Created 08-16-2018 03:17 PM
In this case, The best option i see is to use sqoop and load the data into HDFS from RDBMS (this will be a parallel copy and should be fast). Then use Phoenix Bulk loading MR job to load that HDFS data into Phoenix.
Created 08-16-2018 07:00 AM
@Daniel Zafar What is the data size on RDBMS? Also is this a one time migration or will it be a scheduled one?
- if it is one time migration and the size is reasonable. you can directly export the rdbms data in csv format and then directly use it to import in Phoenix. (this approach will be simple)
- RBDMS>HDFS using sqoop and then create a hive table with phoenix storage handler (https://phoenix.apache.org/hive_storage_handler.html).
- Or RBDMS>HDFS>CSV>Phoenix (what you mentioned in description)
Created 08-16-2018 07:09 AM
Just realised we have one more approach:
- RBDMS>HBASE using sqoop and then create a table in table in phoenix (map the hbase tables in phoenix)
Created 08-16-2018 02:55 PM
Thanks so much for the advice!
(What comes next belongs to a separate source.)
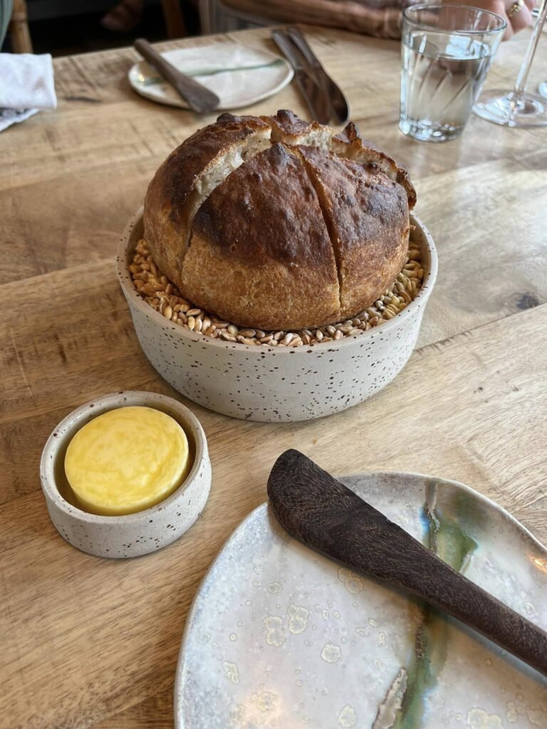 Herefter fik vi serveret deres hjemmebagte surdejsbrød m. smør.

My table occupies 1.5 terabytes in MS SQL server. This will be a one-time migration. I feel that exporting to a csv would take days of processing time. Your last approach sounds the best but I've heard that it is not possible based on this post and this post (my table does have a float column).
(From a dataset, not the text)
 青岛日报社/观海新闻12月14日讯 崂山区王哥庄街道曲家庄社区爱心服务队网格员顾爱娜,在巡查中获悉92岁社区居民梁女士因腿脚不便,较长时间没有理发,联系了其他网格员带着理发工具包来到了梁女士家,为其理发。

That being said, what is my best option? I'm thinking that I may try to split up my table into n csv files and load them sequentially into Phoenix. Would that be the best option for data at this size?
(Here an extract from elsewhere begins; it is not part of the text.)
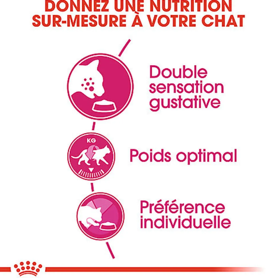 Royal Canin a développé 3 formules différentes pour satisfaire même les chats les plus exigeants ! Ces produits font tous partie de notre gamme Feline Preference, qui comprend également les formules Royal Canin Aroma Exigent et Royal Canin Protein Exigent.

Created 08-16-2018 03:17 PM
In this case, The best option i see is to use sqoop and load the data into HDFS from RDBMS (this will be a parallel copy and should be fast). Then use Phoenix Bulk loading MR job to load that HDFS data into Phoenix.
Created 08-16-2018 04:28 PM
@Daniel Zafar Don't forget to Accept my answer if it helped you. 🙂
Created 08-16-2018 04:42 PM
@Sandeep Nemuri I'm not sure if I follow what you are talking about. The page you pointed to shows a bulk load from CSV>Phoenix or HDFS JSON>Phoenix. Can you provide a link or command on how one would go from Sqoop's HDFS output to Phoenix directly?
Created 08-16-2018 04:52 PM
@Daniel Zafar Since Phoenix is on top of Hbase. Data will be in Hbase in anycase. It is just that Phoenix uses its encoding while writing the data into tables. More details in this thread.
Created 08-16-2018 05:03 PM
@Sandeep Nemuri I edited my above question, do you mind taking a look at it? I'm seeing a CsvBulkLoadTool and a JsonBulkLoadTool. How will I bulk load my sqoop-loaded data?
Created 08-16-2018 06:17 PM
@Daniel Zafar The doc is bit misleading, Below command should help you in loading the hdfs csv files to phoenix table. (Note that the input path is of HDFS)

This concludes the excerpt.